In 1975, a case was reversed because review revealed that a member had “an inelastic attitude toward the imposition of a punitive discharge which was based solely on the nature of the crime”. United States v. Karnes, 1 M.J. 92, 94 (C.M.A.1975). As to the impact that extenuating and mitigating evidence would have on his determination of a sentence, the member in Karnes had said on voir dire that it was not impossible that something would cause him to change his mind on the imposition of a punitive discharge but that “I just can’t imagine what it would be”. Id. at 94.
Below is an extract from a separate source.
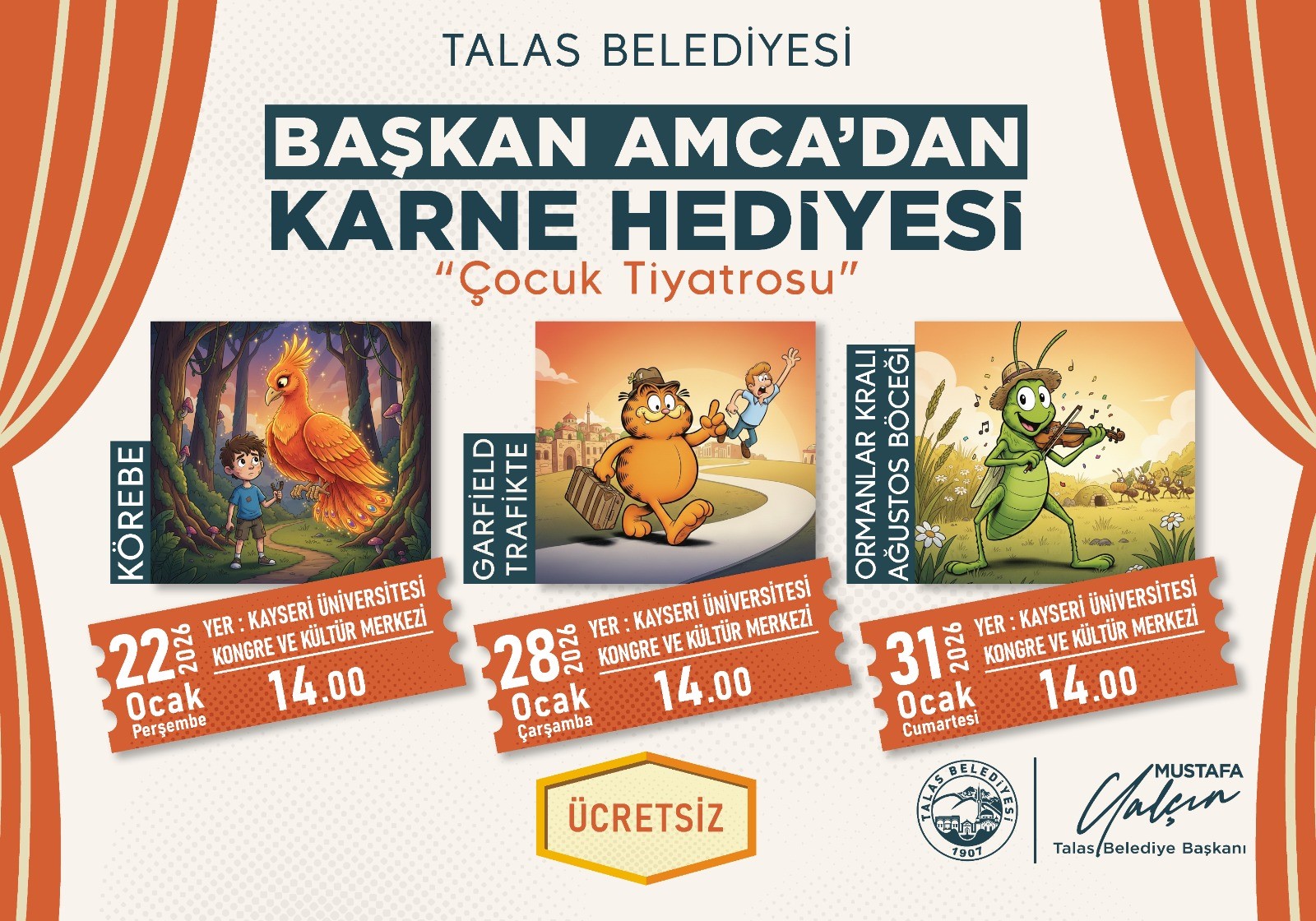 Talas Belediyesi; yarıyıl tatiline giren çocuklar için kültür ve sanat dolu bir karne hediyesi hazırladı. 'Başkan Amca’dan Karne Hediyesi-Çocuk Tiyatrosu' etkinliği kapsamında sevilen çocuk oyunları minik izleyicilerle ücretsiz olarak buluşacak.

The Court of Military Appeals, in another case decided in 1975, reversed a conviction because of what it concluded was an “inelastic attitude” on the part of a member. Examination of the questions posed by trial defense counsel and the member’s replies in United States v. Cosgrove, 1 M.J. 199 (C.M.A.1975), reveals a clever semantical selection by the defense counsel; the verbs used [624]*624in the questions he posed to the member were “feel”, “should” and “indicated”. The member was judged to possess an inelastic mind because he responded affirmatively to questions “Do you feel that in any case involving LSD . . . discharge should be awarded?” and “If we present no facts in mitigation . . . would your feeling be that some sort of punitive discharge is indicated?” Id. The member had apparently never stated that discharge was necessary, essential or mandatory for the maintenance of discipline; rather, he replied to questions addressing his “feeling” and “in-dicatpons]”.

Given Karnes and Cosgrove, this Court recently reversed a conviction because of voir dire admissions indicating a sentencing bias by a court member. In that case, however, the potential member had been questioned on the sentence in unambiguous terms employing words such as “should never be allowed to stay” and “must receive [a punitive discharge]”. United States v. Goodman, 3 M.J. 1106 (N.C.M.R.1977).

We believe that some forums may have been too quick to find “inelasticity”. The phrase “inelastic attitude” falls trippingly from the tongue; it has secured a charmed niche in legal phraseology. To be truly descriptive, inelastic should mean “rigid”, “unyielding” or “inflexible”. WEBSTER’S THIRD NEW INTERNATIONAL DICTIONARY (3d Ed. 1971). More recently, the Court of Military Appeals has said that “a mere predisposition to adjudge some punishment upon conviction is not, standing alone, sufficient to disqualify a member. Rather, the test is whether the member’s attitude is of such a nature that he will not yield to the evidence presented and the judge’s instructions.” United States v. McGowan, 7 M.J. 205, 206 (C.M.A.1979). In affirming the judge’s denial of the challenge, the Court distinguished McGowan from Cosgrove and Karnes, supra, in that McGowan’s member merely favored some punishment without specifying a punitive discharge.